**** Records provided
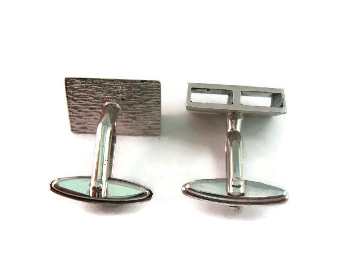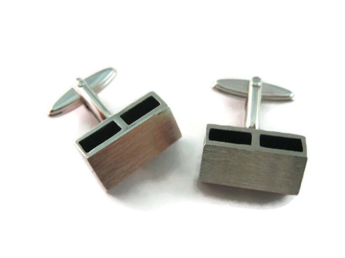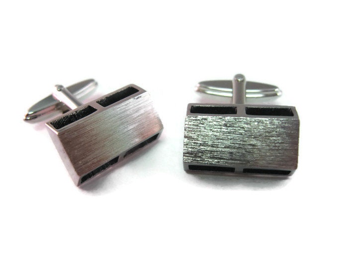 Vintage Cufflinks for Men: Very Nice See Through Modernist Cinderblock Look Silver Tone Design
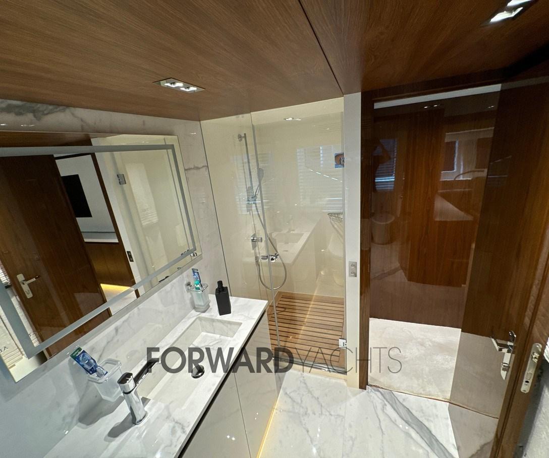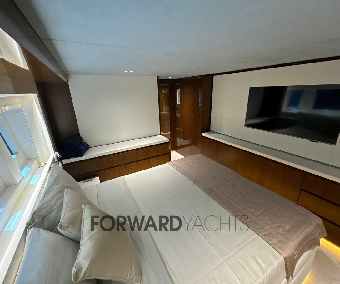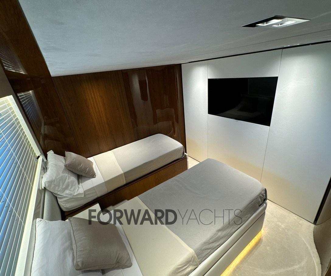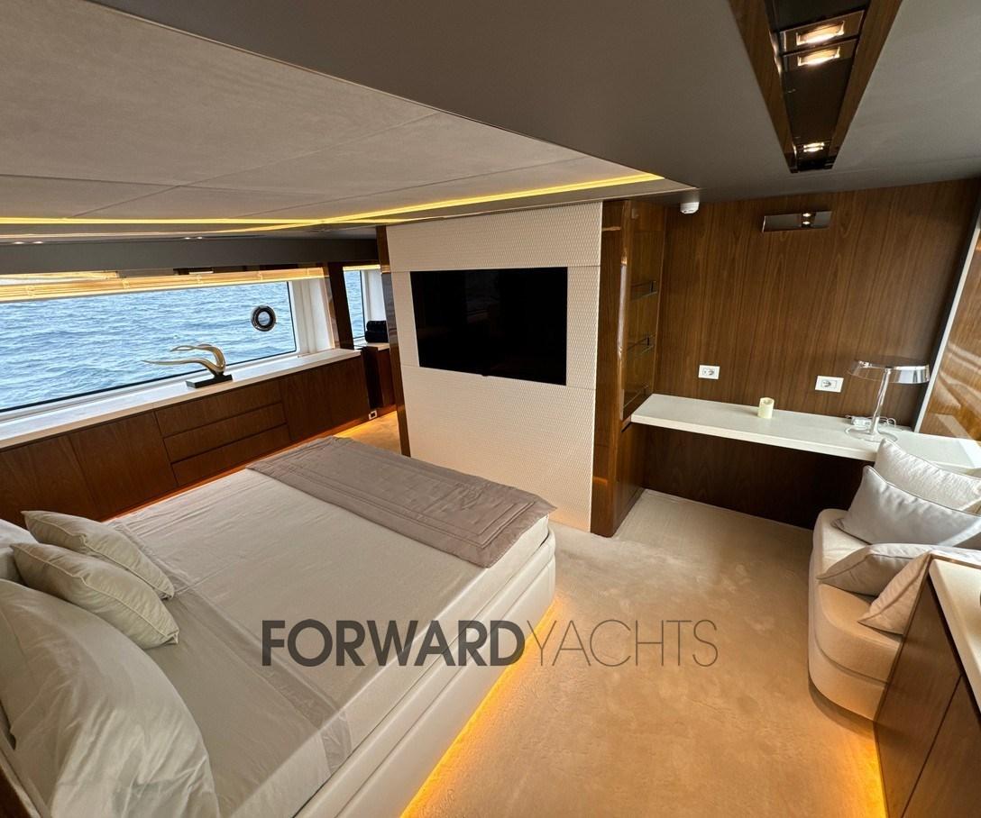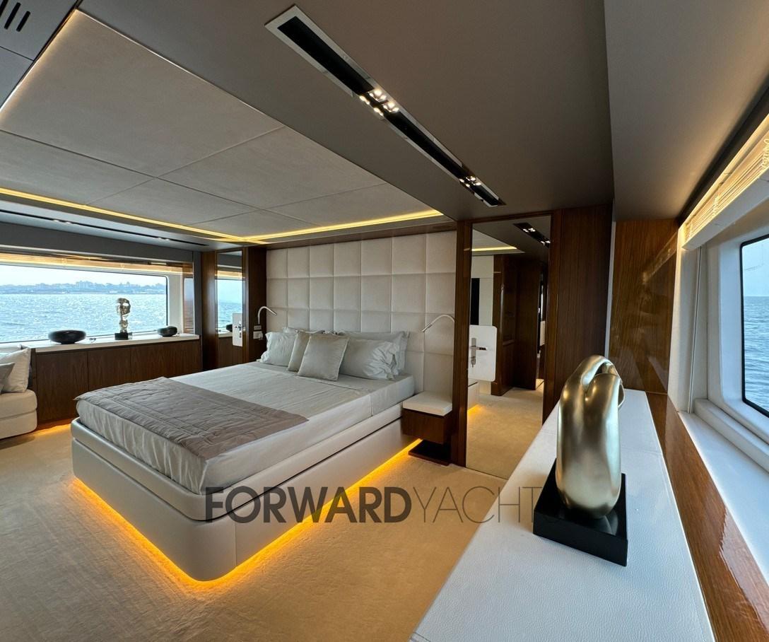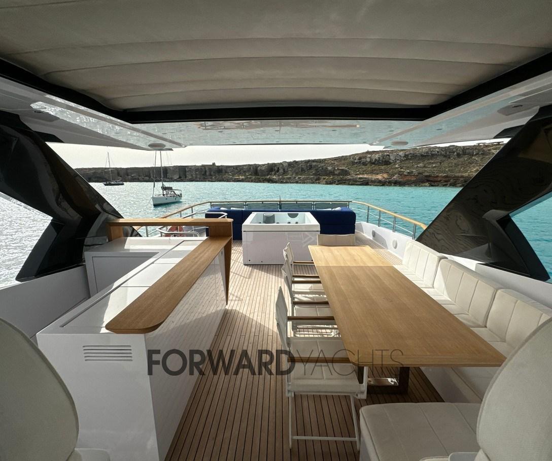 It can accommodate up to 10 guests in 5 refined cabins: an owner's suite, 2 VIP cabins and 2 convertible double cabins, all with ensuite bathrooms. There are also 5 crew members on board, housed in 3 dedicated cabins, at the extreme bow. The designer and comfortable interiors include a large saloon with panoramic windows, while the exteriors boast a fully equipped flybridge, with jacuzzi, convivial areas and sun deck.
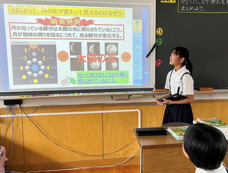 「月と太陽」の学習で、班ごとにテーマを決めて調べたことを発表しました。発表を聞き受け止めた上で、質問やお返しができ、とても意義深い学習となりました。さすが、6年生です!
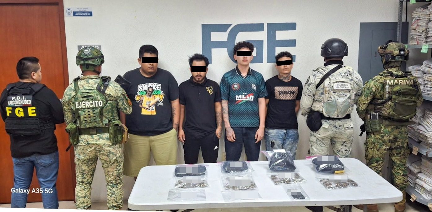 Cerca del lugar, las autoridades detectaron a cuatro hombres que intercambiaban bolsas, por lo que realizaron una revisión en la que hallaron hierba verde similar a la marihuana. Tras ello, fueron detenidos Jhonatan Alberto “N”, José Gabriel “N”, Antony Emanuel “N” y Sayir Aurelius “N”.
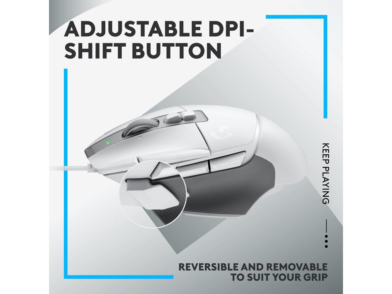 - Redesigned DPI-shift button: This wired optical gaming mouse features a reversible and removable DPI-shift button for precise customization depending on your grip and preference
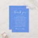 En elegant bröllopsfest tack mottagningskort uppsättning. Personlig tackmeddelande i stilfull typografi på en blå kornblå bakgrund. Du kan anpassa bakgrunden till din favorit bröllopstema färg. En speciell souvenir tack till dina gäster. Designad av Thisisnotme
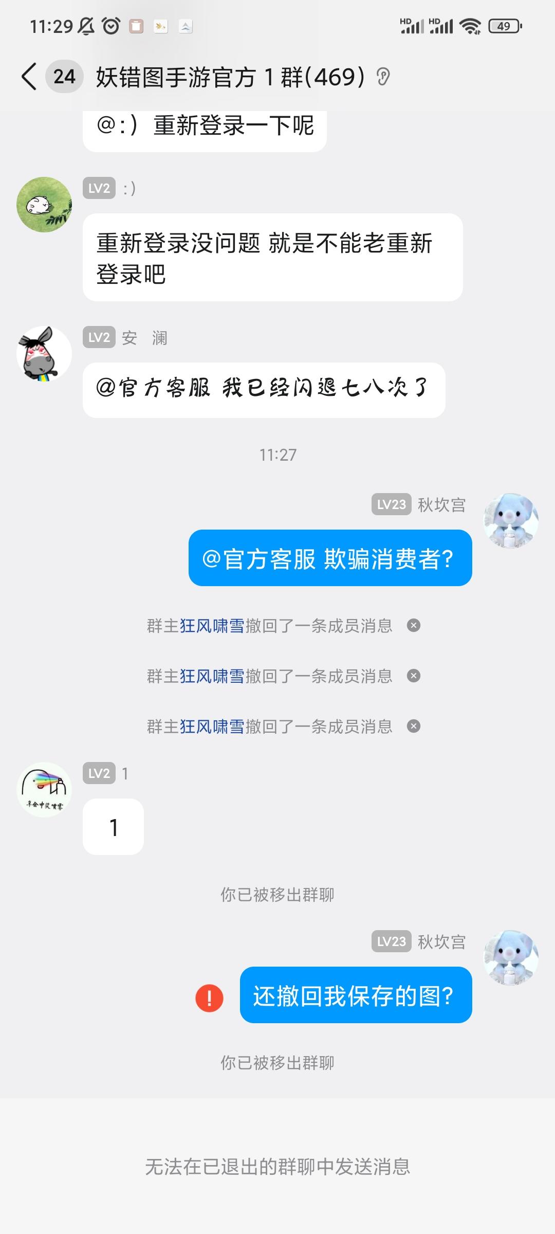 官方欺骗消费者,直接撤回记录,踢出群聊
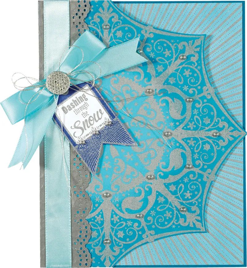 For the card front: Turn the card with the fold on the left. Cut out the Color Me™ snowflake shaped card topper. (Save the extra pieces for step 3). Use cosmetic sponges to color the center area sea crystal and the outer edges Prussian blue, blending where they overlap to eliminate harsh edges. Cut 1½"x6½" silver paper and punch a border in the right long edge. Glue along the straight edge of the card topper, then glue ribbon over the silver paper, gluing the ends to the back. Glue the topper to the front, then cut away the card front along the right edge.
********
**Directions for this task**:
Give the data above again, exactly, with every picture removed.

**Task solution**:
 Vintage Cufflinks for Men: Very Nice See Through Modernist Cinderblock Look Silver Tone Design
 It can accommodate up to 10 guests in 5 refined cabins: an owner's suite, 2 VIP cabins and 2 convertible double cabins, all with ensuite bathrooms. There are also 5 crew members on board, housed in 3 dedicated cabins, at the extreme bow. The designer and comfortable interiors include a large saloon with panoramic windows, while the exteriors boast a fully equipped flybridge, with jacuzzi, convivial areas and sun deck.
 「月と太陽」の学習で、班ごとにテーマを決めて調べたことを発表しました。発表を聞き受け止めた上で、質問やお返しができ、とても意義深い学習となりました。さすが、6年生です!
 Cerca del lugar, las autoridades detectaron a cuatro hombres que intercambiaban bolsas, por lo que realizaron una revisión en la que hallaron hierba verde similar a la marihuana. Tras ello, fueron detenidos Jhonatan Alberto “N”, José Gabriel “N”, Antony Emanuel “N” y Sayir Aurelius “N”.
 - Redesigned DPI-shift button: This wired optical gaming mouse features a reversible and removable DPI-shift button for precise customization depending on your grip and preference
 En elegant bröllopsfest tack mottagningskort uppsättning. Personlig tackmeddelande i stilfull typografi på en blå kornblå bakgrund. Du kan anpassa bakgrunden till din favorit bröllopstema färg. En speciell souvenir tack till dina gäster. Designad av Thisisnotme
 官方欺骗消费者,直接撤回记录,踢出群聊
 For the card front: Turn the card with the fold on the left. Cut out the Color Me™ snowflake shaped card topper. (Save the extra pieces for step 3). Use cosmetic sponges to color the center area sea crystal and the outer edges Prussian blue, blending where they overlap to eliminate harsh edges. Cut 1½"x6½" silver paper and punch a border in the right long edge. Glue along the straight edge of the card topper, then glue ribbon over the silver paper, gluing the ends to the back. Glue the topper to the front, then cut away the card front along the right edge.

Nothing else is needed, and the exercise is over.